- _WORK ORDER_
Only one stretch of the data below should be repeated: the lines from the line containing "经济管理学院提出了育人六要素" through the line containing "4、開(kāi)始后后將出現", inclusive, exactly as they are.

- _RECORDS FOR THE EXERCISE_

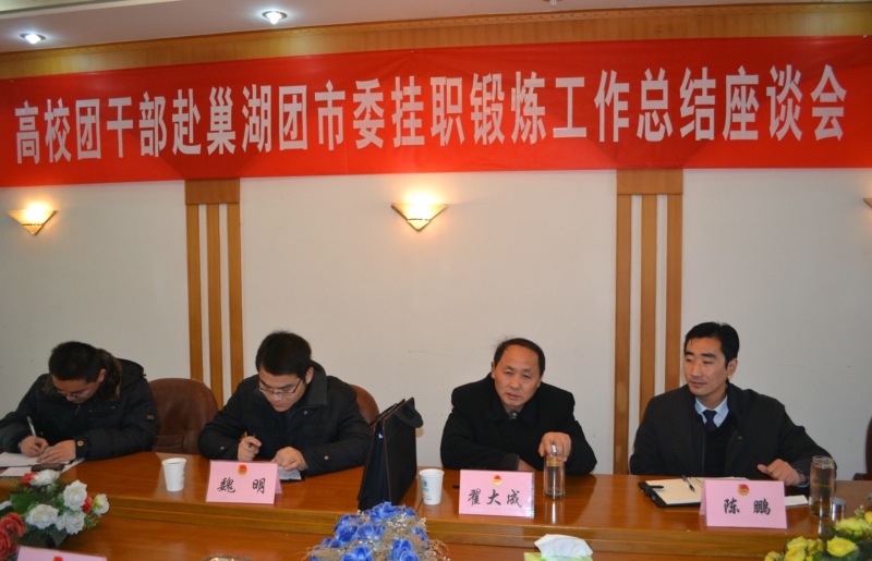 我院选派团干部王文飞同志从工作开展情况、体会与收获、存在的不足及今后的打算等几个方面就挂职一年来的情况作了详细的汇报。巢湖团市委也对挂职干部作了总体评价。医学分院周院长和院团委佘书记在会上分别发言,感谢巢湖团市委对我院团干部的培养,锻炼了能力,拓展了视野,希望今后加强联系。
==
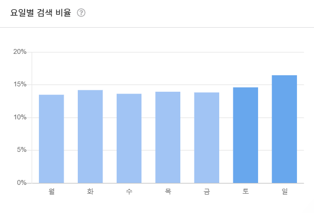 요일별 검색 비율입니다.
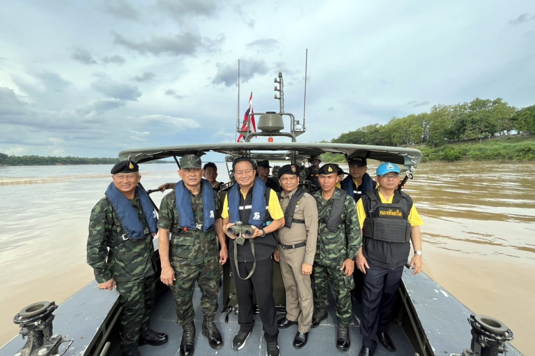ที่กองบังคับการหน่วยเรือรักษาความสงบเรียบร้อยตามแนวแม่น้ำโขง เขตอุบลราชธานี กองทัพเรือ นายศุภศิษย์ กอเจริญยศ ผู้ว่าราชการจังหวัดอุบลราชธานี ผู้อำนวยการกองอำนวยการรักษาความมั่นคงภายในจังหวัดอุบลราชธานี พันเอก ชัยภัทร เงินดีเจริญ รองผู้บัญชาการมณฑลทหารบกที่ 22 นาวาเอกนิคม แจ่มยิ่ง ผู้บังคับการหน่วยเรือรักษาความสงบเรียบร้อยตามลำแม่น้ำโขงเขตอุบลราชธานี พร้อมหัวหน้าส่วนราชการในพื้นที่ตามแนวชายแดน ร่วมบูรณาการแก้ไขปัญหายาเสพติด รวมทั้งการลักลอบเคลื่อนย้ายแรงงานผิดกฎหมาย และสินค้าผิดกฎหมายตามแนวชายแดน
==
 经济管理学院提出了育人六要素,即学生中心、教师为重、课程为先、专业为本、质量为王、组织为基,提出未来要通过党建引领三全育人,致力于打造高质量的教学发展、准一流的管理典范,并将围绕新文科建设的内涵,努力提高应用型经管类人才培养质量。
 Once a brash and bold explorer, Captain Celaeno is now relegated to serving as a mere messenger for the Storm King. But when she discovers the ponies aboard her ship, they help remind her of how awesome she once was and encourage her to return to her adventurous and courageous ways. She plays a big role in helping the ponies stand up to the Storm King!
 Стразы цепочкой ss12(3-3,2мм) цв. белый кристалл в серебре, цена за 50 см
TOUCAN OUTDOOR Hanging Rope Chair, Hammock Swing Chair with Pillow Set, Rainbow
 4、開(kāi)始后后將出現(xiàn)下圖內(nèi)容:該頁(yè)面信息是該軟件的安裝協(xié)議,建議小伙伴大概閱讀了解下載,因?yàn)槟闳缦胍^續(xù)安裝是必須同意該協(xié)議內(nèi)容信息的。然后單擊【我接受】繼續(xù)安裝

- _WORKED SOLUTION_
 经济管理学院提出了育人六要素,即学生中心、教师为重、课程为先、专业为本、质量为王、组织为基,提出未来要通过党建引领三全育人,致力于打造高质量的教学发展、准一流的管理典范,并将围绕新文科建设的内涵,努力提高应用型经管类人才培养质量。
 Once a brash and bold explorer, Captain Celaeno is now relegated to serving as a mere messenger for the Storm King. But when she discovers the ponies aboard her ship, they help remind her of how awesome she once was and encourage her to return to her adventurous and courageous ways. She plays a big role in helping the ponies stand up to the Storm King!
 Стразы цепочкой ss12(3-3,2мм) цв. белый кристалл в серебре, цена за 50 см
TOUCAN OUTDOOR Hanging Rope Chair, Hammock Swing Chair with Pillow Set, Rainbow
 4、開(kāi)始后后將出現(xiàn)下圖內(nèi)容:該頁(yè)面信息是該軟件的安裝協(xié)議,建議小伙伴大概閱讀了解下載,因?yàn)槟闳缦胍^續(xù)安裝是必須同意該協(xié)議內(nèi)容信息的。然后單擊【我接受】繼續(xù)安裝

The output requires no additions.